Auditory masking in the frequency domain is known as simultaneous masking, frequency masking or spectral masking. Auditory masking in the time domain is known as temporal masking or non-simultaneous masking.

Masked threshold

The unmasked threshold is the quietest level of the signal which can be perceived without a masking signal present. The masked threshold is the quietest level of the signal perceived when combined with a specific masking noise. The amount of masking is the difference between the masked and unmasked thresholds.

Figure A - adapted from Gelfand (2004) Masker increased threshold.svg
Figure A – adapted from Gelfand (2004)

Gelfand provides a basic example. [1] Let us say that for a given individual, the sound of a cat scratching a post in an otherwise quiet environment is first audible at a level of 10 dB SPL. However, in the presence of a masking noise (for example, a vacuum cleaner that is running simultaneously) that same individual cannot detect the sound of the cat scratching unless the level of the scratching sound is at least 26 dB SPL. We would say that the unmasked threshold for that individual for the target sound (i.e., the cat scratching) is 10 dB SPL, while the masked threshold is 26 dB SPL. The amount of masking is simply the difference between these two thresholds: 16 dB.
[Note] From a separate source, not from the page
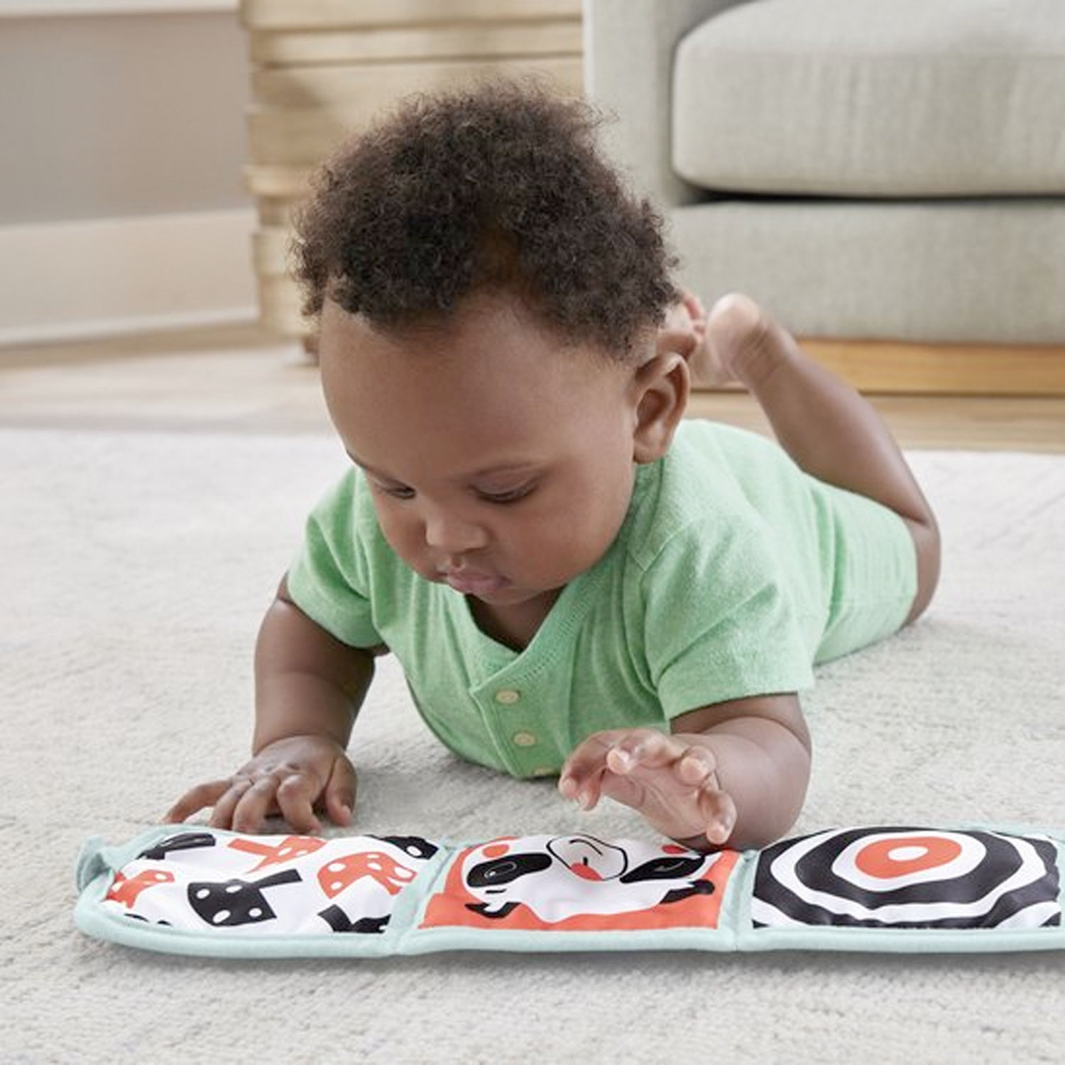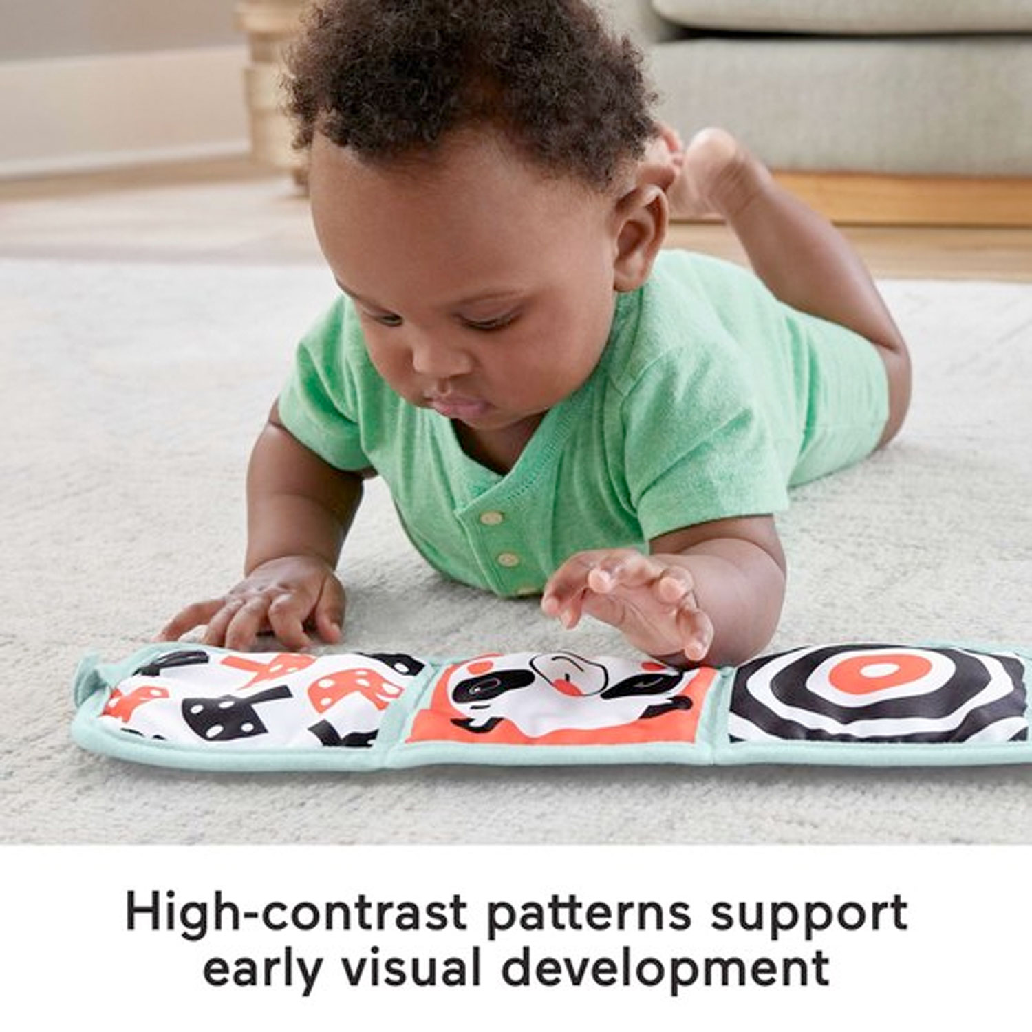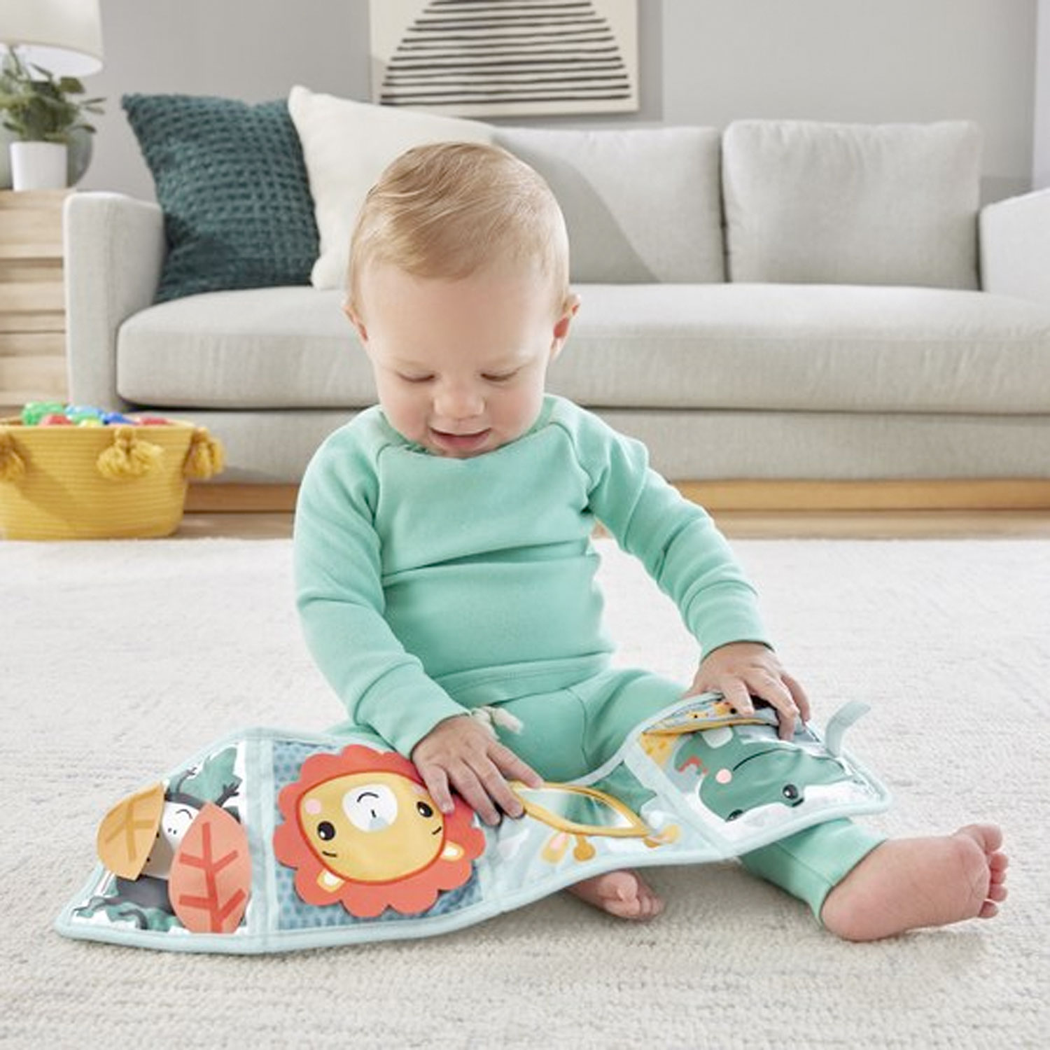 Fisher-Price Opvouwbaar Activiteitenspeelgoed Knisperboekje voor baby’s: vier dubbelzijdige vlakken met activiteiten die de zintuigen prikkelen. De vlakken kunnen gemakkelijk worden geplaatst voor op de buik of zittend spelen: plat op de grond, als een accordeon of in de vorm van een vrijstaande kubus. Met sterk contrasterende zwart-witpatronen, vrolijk gekleurde dierenvriendjes en leuke activiteiten op elk vlak, biedt dit zachte activiteitenspeeltje je baby urenlang speelplezier.

The amount of masking will vary depending on the characteristics of both the target signal and the masker, and will also be specific to an individual listener. While the person in the example above was able to detect the cat scratching at 26 dB SPL, another person may not be able to hear the cat scratching while the vacuum was on until the sound level of the cat scratching was increased to 30 dB SPL (thereby making the amount of masking for the second listener 20 dB).

Simultaneous masking

Simultaneous masking occurs when a sound is made inaudible by a noise or unwanted sound of the same duration as the original sound. [2] For example, a powerful spike at 1 kHz will tend to mask out a lower-level tone at 1.1 kHz. Also, two sine tones at 440 and 450 Hz can be perceived clearly when separated. They cannot be perceived clearly when presented simultaneously.

Critical bandwidth

If two sounds of two different frequencies are played at the same time, two separate sounds can often be heard rather than a combination tone. The ability to hear frequencies separately is known as frequency resolution or frequency selectivity. When signals are perceived as a combination tone, they are said to reside in the same critical bandwidth. This effect is thought to occur due to filtering within the cochlea, the hearing organ in the inner ear. A complex sound is split into different frequency components and these components cause a peak in the pattern of vibration at a specific place on the cilia inside the basilar membrane within the cochlea. These components are then coded independently on the auditory nerve which transmits sound information to the brain. This individual coding only occurs if the frequency components are different enough in frequency, otherwise they are in the same critical band and are coded at the same place and are perceived as one sound instead of two. [3]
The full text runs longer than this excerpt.